Launch of the consultation paper for enquiry on ‘Personal Harm Offences’.
The Solomon Islands Law Reform Commission (SILRC) will launch its consultation paper for an enquiry into the laws that apply to personal harm offences, on Monday 10th October 2016 at Mendana Hotel. The launch of the consultation paper marks the beginning of public consultations by the SILRC for this enquiry.
The consultation paper is titled ‘Personal Harm Offences Consultation Paper’. The paper is part of a review that the SILRC is doing of the Penal Code [Cap 26] of Solomon Islands. It considers parts in the Penal Code that apply when an attack or threat of attack is inflicted or directed at another person which do not result in death but fear, injury or harm is done to the other person.
The consultation paper is planned to be launched by the Minister for Justice and Legal Affairs, the Honourable William B. Marau.
The law on personal harm offences were introduced in the Solomon Islands in the early 1960s, and are based on the English law.
The personal harm offences covered in the paper are: 1) assaults which include common assaults, assaults causing actual bodily harm, acts intended to cause grievous harm, unlawful wounding, and grievous harm; 2) poisoning; 3) kidnapping and abduction; 4) criminal reckless and negligence 5) Failure to supply necessaries and cruelty to children; 6) Intimidation, molestation and making a written threat to kill; and 7) negligent act likely to spread infection of disease dangerous to human life.

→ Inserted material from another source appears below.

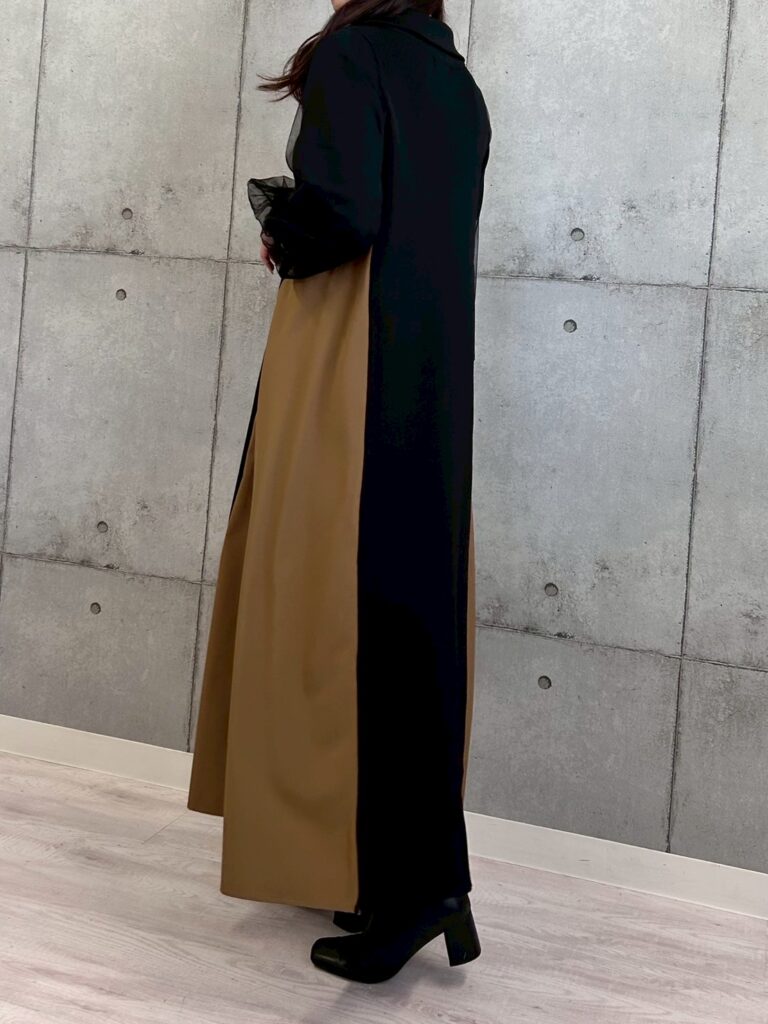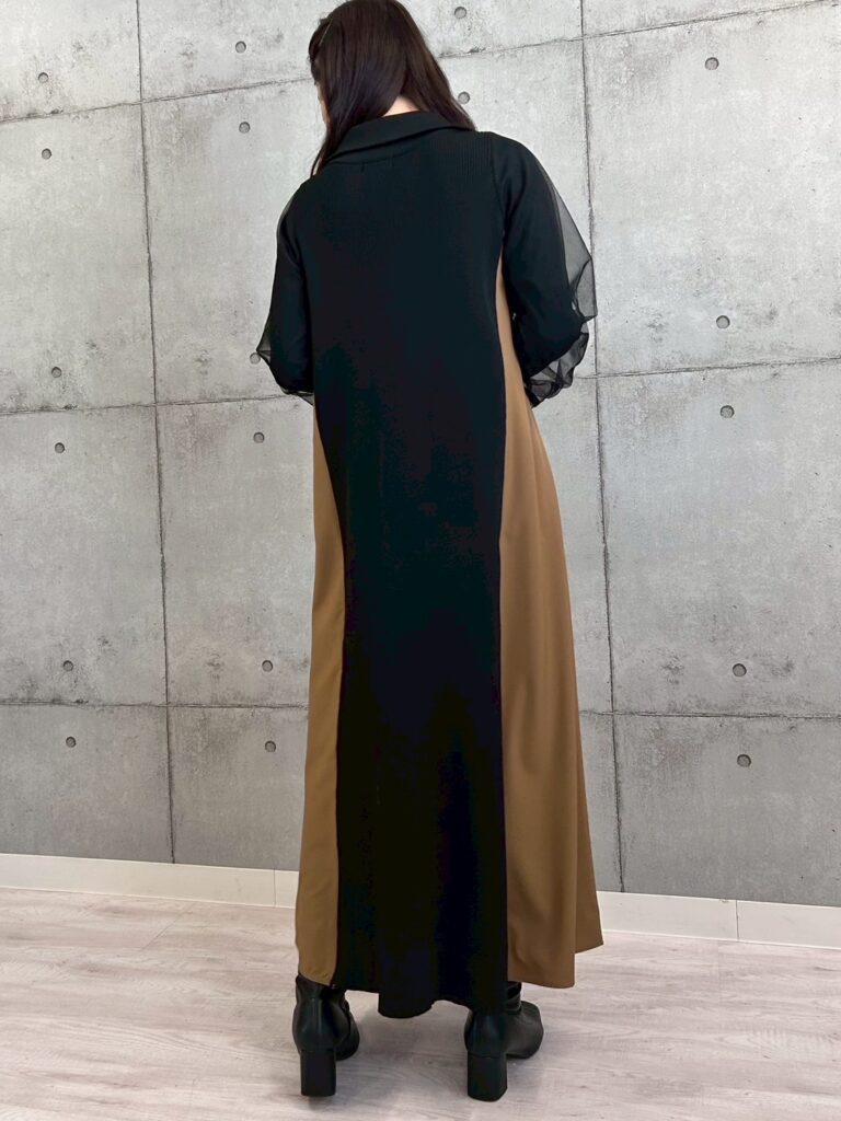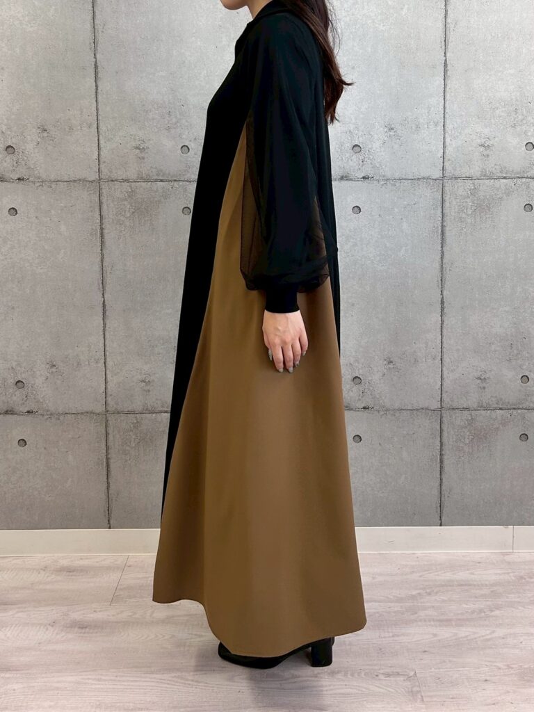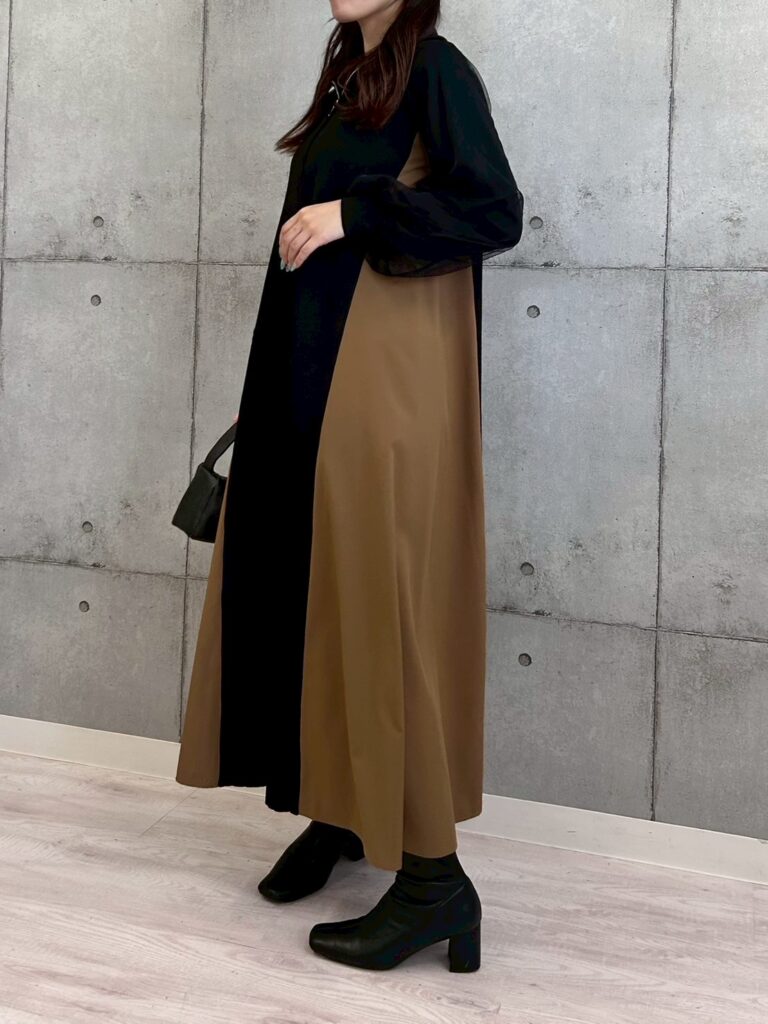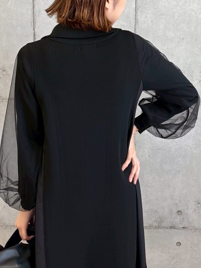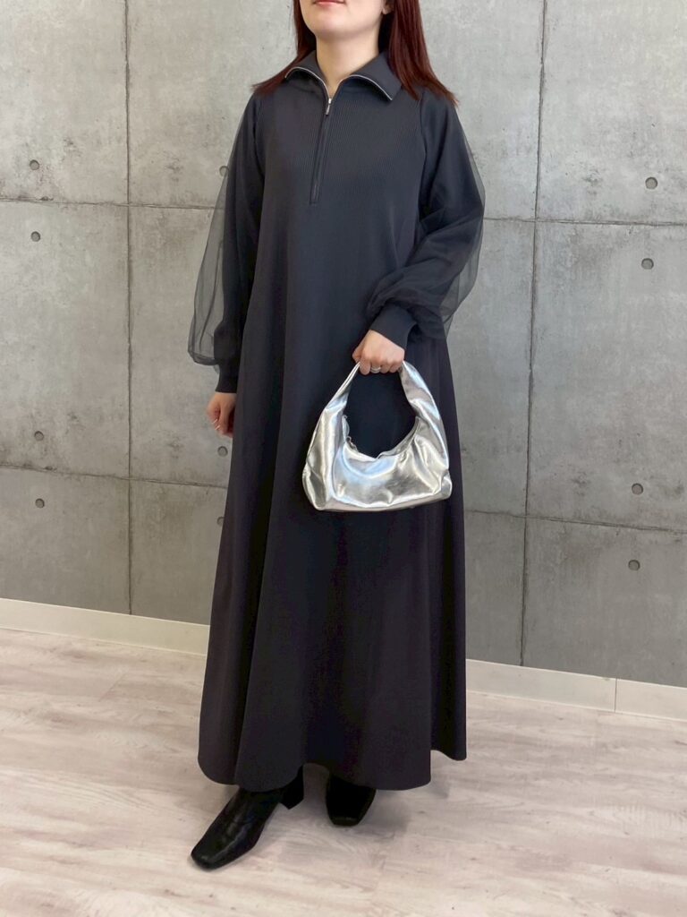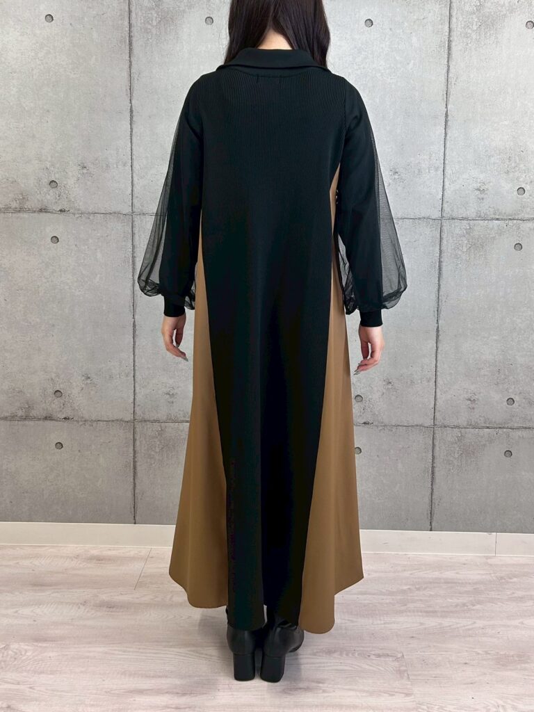 トレンド感のあるハーフジップデザインに、チュールを重ねた袖ディテールが印象的なニットワンピース。スポーティな要素とフェミニンな雰囲気を絶妙にミックスし、大人っぽさと可愛らしさを兼ね備えた一着に仕上げました。すっきりと広がるAラインシルエットが女性らしい印象を演出しつつ、両脇に施されたニットと布帛の切り替えデザインが縦のラインを強調し、細見え効果も◎。体型を自然にカバーしながら、幅広い体型の方にフィットするデザインです。一枚で主役になる存在感ながら、着心地は軽やかで楽ちん。デイリーはもちろん、ちょっとしたお出かけやオンオフ問わず活躍してくれるニットワンピースです。

The SILRC has identified a number of issues which needs to be considered for reform in order to accommodate the current and future circumstances of the Country. The issues are as follows:
Lack of definitions for some personal harm offences in the Penal Code.
The degree of penalties should consider the different circumstances of which the offences are committed.
The development of personal harm offences which raises the need of some offences to be included in the Penal Code.
The need to reform the offences to protect the vulnerable people in the society.
The main objective of this Consultation Paper is to raise awareness to the important stakeholders, interested individuals and the public at large of the current law and the issues relating to the personal harm offences. The Consultation Paper is also aimed at encouraging stakeholders and the public to come forward and discuss their views and comments on the personal harm offences and how the law should be reformed. This is to assist the SILRC to develop recommendations for changes to the current law on personal harm offences that will reflect the changing societal views and aspirations.
The SILRC through its legal staff will conduct consultation on this enquiry, and hopes to engage with as many people as possible during its consultations.